Reserve Col. Charles Jones, a staff judge advocate called to Marine Corps Mobilization Command in Kansas City, Mo., on temporary orders that expire Saturday, informed Reserve Cpl. Matt Sanchez of the allegations against him in a March 22 e-mail that advised Sanchez of his rights.

Jones wrote that Sanchez’s participation in porn films was part of the investigation, but that two of the three allegations against him involved lying “to various people, including but not limited to, representatives of the New York City United War Veterans Council and U-Haul Corporation” about deploying to Iraq at the commandant’s request.[/quote]

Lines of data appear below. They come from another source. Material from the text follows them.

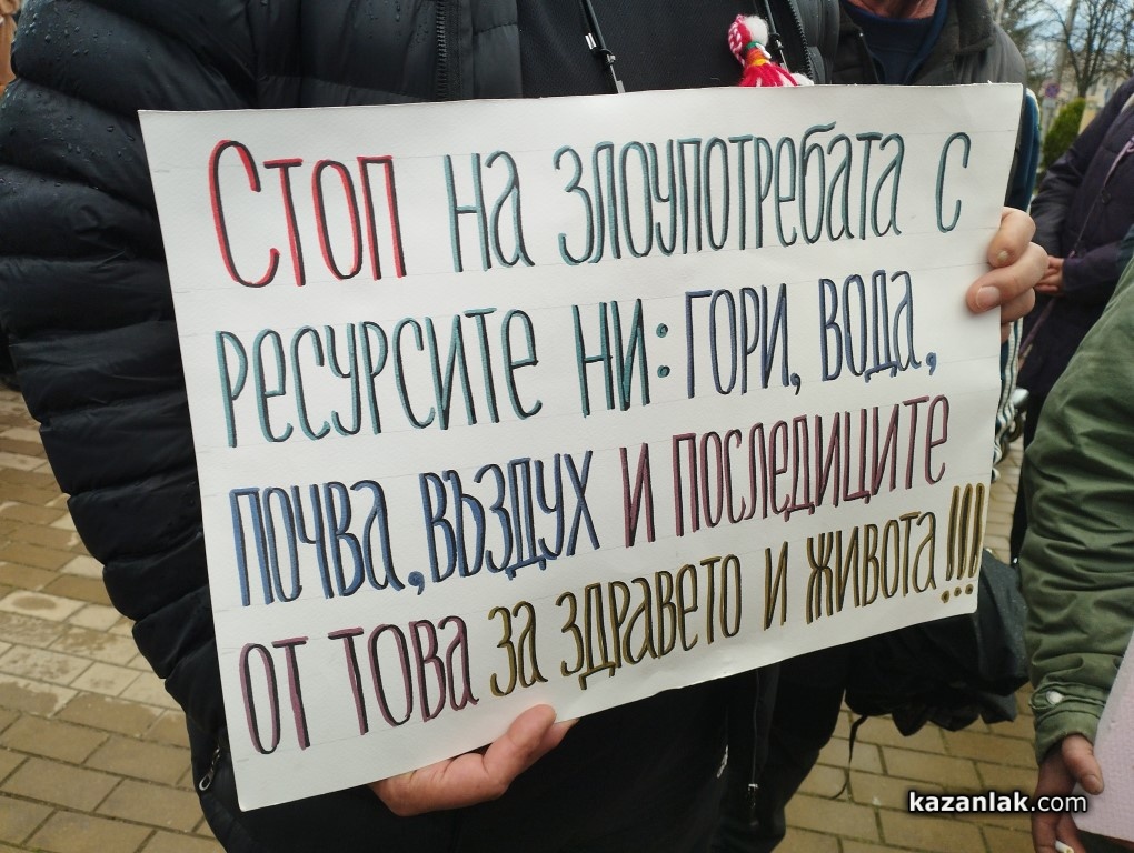 Повече от сто човека се събраха в центъра на Казанлък днес в 17:30 часа, за да изразят несъгласието си с намерението на „Кастамону България“ АД да разшири инсталациите си за производство на смоли. Причина за поредния израз на несъгласие на хората бе и липсата на отговор от Министерството на околната среда и водите по жалбата на инициативния комитет.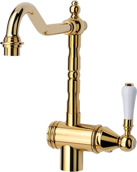 Rustique traditional kitchen mixer tap in gold with swivel spout.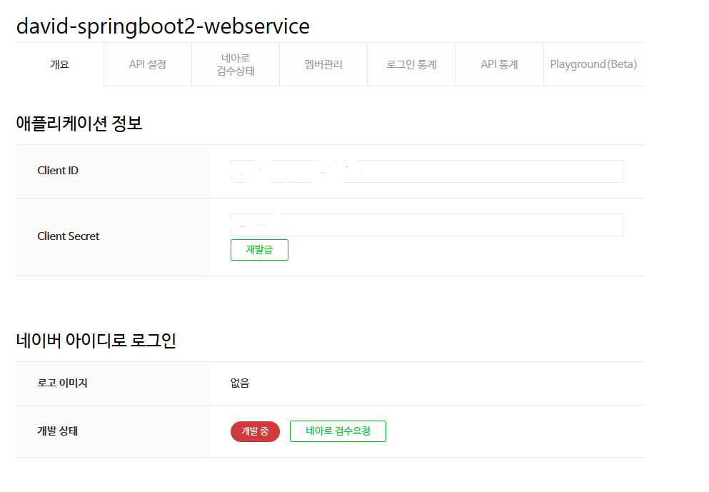 등록하면 이런 화면을 볼 수 있다. 여기서 ClientId와 Client Secret을 복사해서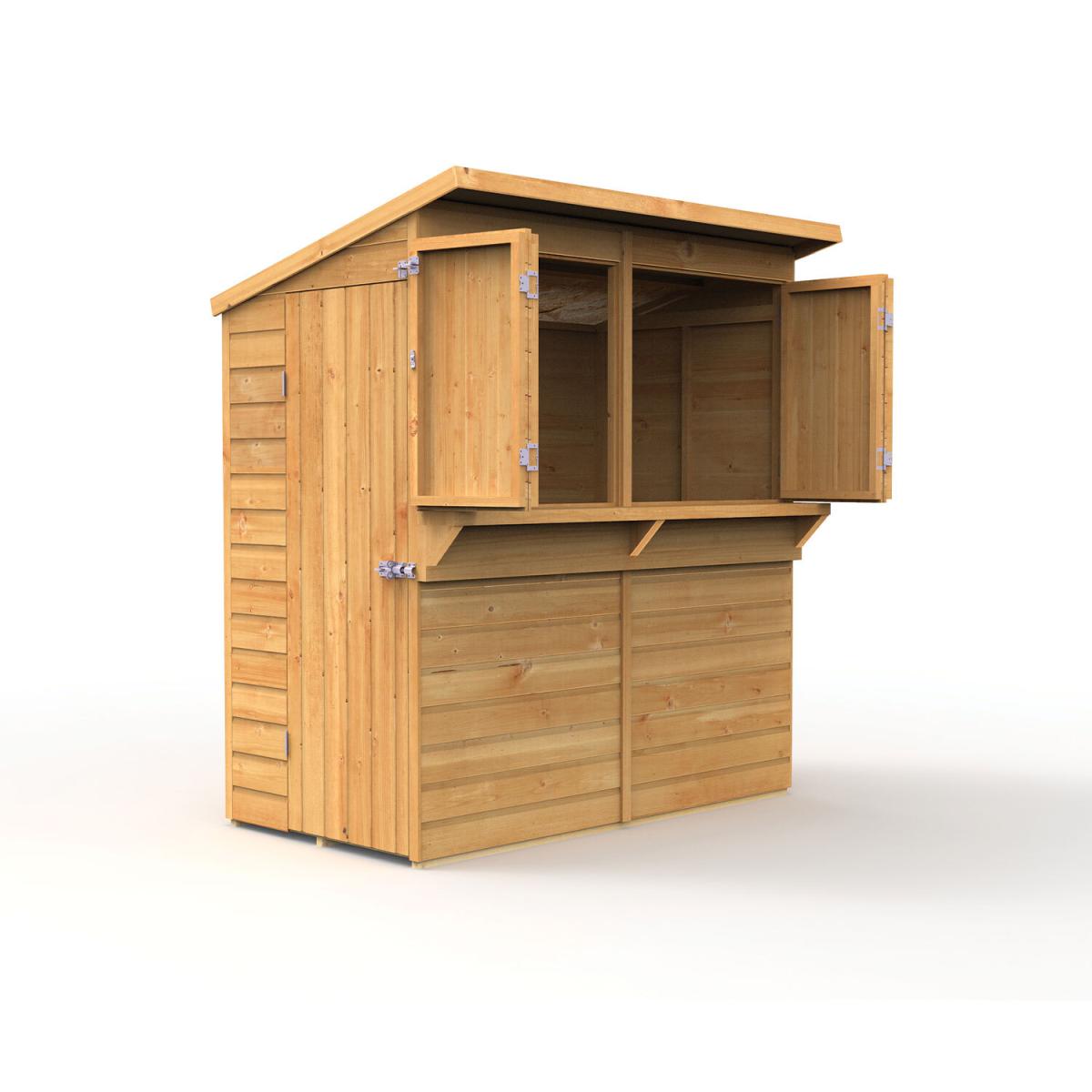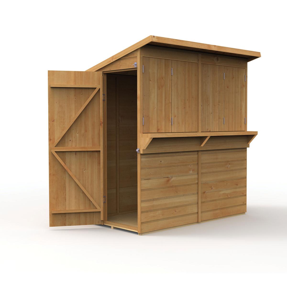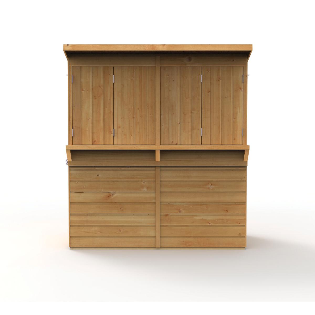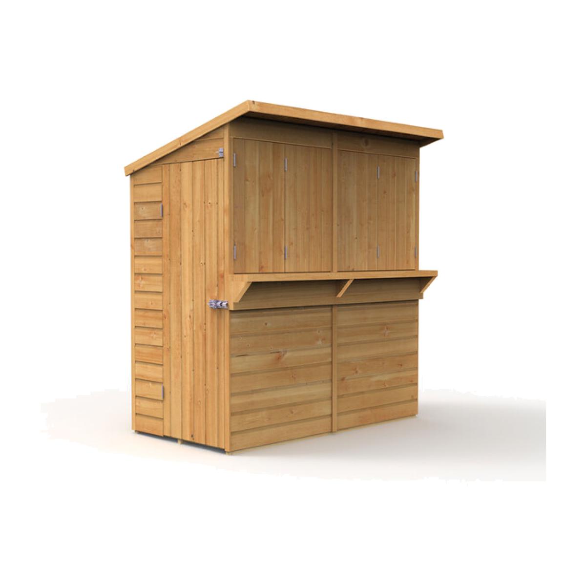 Transform your garden into a versatile outdoor entertainment space by adding a Wooden Shiplap Garden Bar. Featuring a durable top bar and two bi-fold shutters that easily open to create a serving hatch, this is the perfect addition to your garden for many summers to come! Whether you want a tiki bar, gin bar or just a standard garden bar, you have the freedom to pick where you want the door to be installed to create whatever bar you want. When you're not using it, you may lock the bar and store drinks over the summer, or even turn it into a shed once the hotter days have left us for another year. A fantastic way to entertain in style, invite your friends and family over for a drink or two in your garden.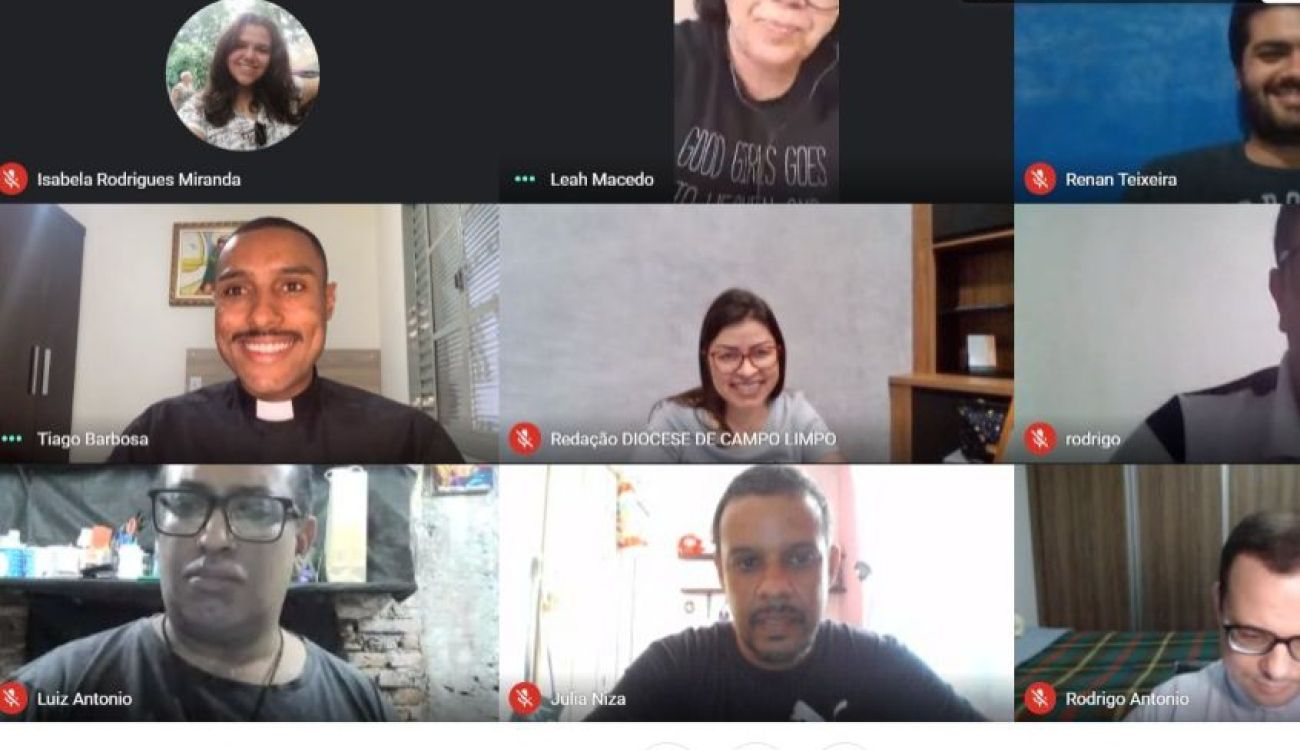 Padre Tiago Barbosa, Assessor Eclesiástico da Pascom Sul 1, ‘visita de forma remota’ a Diocese de Campo Limpo em tarde de estudo sobre a Carta do Santo Padre para o 55º Dia Mundial das Comunicações.

Note that it’s not his homosexuality on question here, indeed it is a very forward and positive step by the marines, but rather his grubby history of serving the highest bidder.

HG

Well, that does not change the fact that the AP and Reuters retracted their stories nor does it make irrelevant Yon’s comments. Anyway, I for one am thrilled that Sanchez is “on top” of things and that he is getting paid $200 a pop for giving the Democrats what they want. Since Bush is doing that for the whole country but on a much higher pay scale, I can hardly imagine why you or any others would want to complain, eh? What’s that you say? HUH? WHAT?

“The mere existence of spectacular pictures of explosions should be a warning sign,” Mr. Sanchez said.

A lot of people might take that observation the wrong way.

I wasn’t aware that was what “an excellent top” did for 200/250 bucks in or out call, but always willing to defer to the voice of experience.

As for “they’re cooking babies agin” Yon, perhaps you could point out how my neat summary failed to gather him in the net?

I repeat:

Buly oh for the surge, eh what?

HG

[quote]“The mere existence of spectacular pictures of explosions should be a warning sign,” Mr. Sanchez said.

A lot of people might take that observation the wrong way.[/quote]

haha. The earth moved. Was it good for you too? haha Every day is like the Fourth of July… Why would that be bad?